Below are several records. Retype exactly those lines running from the one with "Yellows & Oranges: Turmeric, onion" through the one with "Commandant der Marine", end lines included, and no others.
═════ DATA SECTION ═════
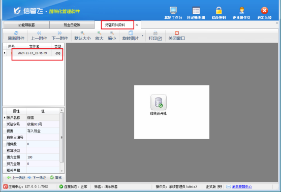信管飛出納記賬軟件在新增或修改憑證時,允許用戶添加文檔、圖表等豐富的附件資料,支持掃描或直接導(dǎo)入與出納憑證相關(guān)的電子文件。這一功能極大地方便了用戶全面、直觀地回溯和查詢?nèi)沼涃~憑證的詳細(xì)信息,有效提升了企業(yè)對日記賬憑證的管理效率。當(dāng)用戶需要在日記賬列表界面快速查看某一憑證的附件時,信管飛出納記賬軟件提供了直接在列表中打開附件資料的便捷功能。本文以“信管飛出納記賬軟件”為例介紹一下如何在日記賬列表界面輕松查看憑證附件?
═════
═════ DATA SECTION ═════
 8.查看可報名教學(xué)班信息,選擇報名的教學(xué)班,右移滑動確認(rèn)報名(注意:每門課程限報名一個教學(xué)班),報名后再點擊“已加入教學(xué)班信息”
═════
═════ DATA SECTION ═════
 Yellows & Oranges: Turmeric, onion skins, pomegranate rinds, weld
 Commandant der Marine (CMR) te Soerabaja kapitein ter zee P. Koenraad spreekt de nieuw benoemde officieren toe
═════
_EXERCISE ANSWER_.
 Yellows & Oranges: Turmeric, onion skins, pomegranate rinds, weld
 Commandant der Marine (CMR) te Soerabaja kapitein ter zee P. Koenraad spreekt de nieuw benoemde officieren toe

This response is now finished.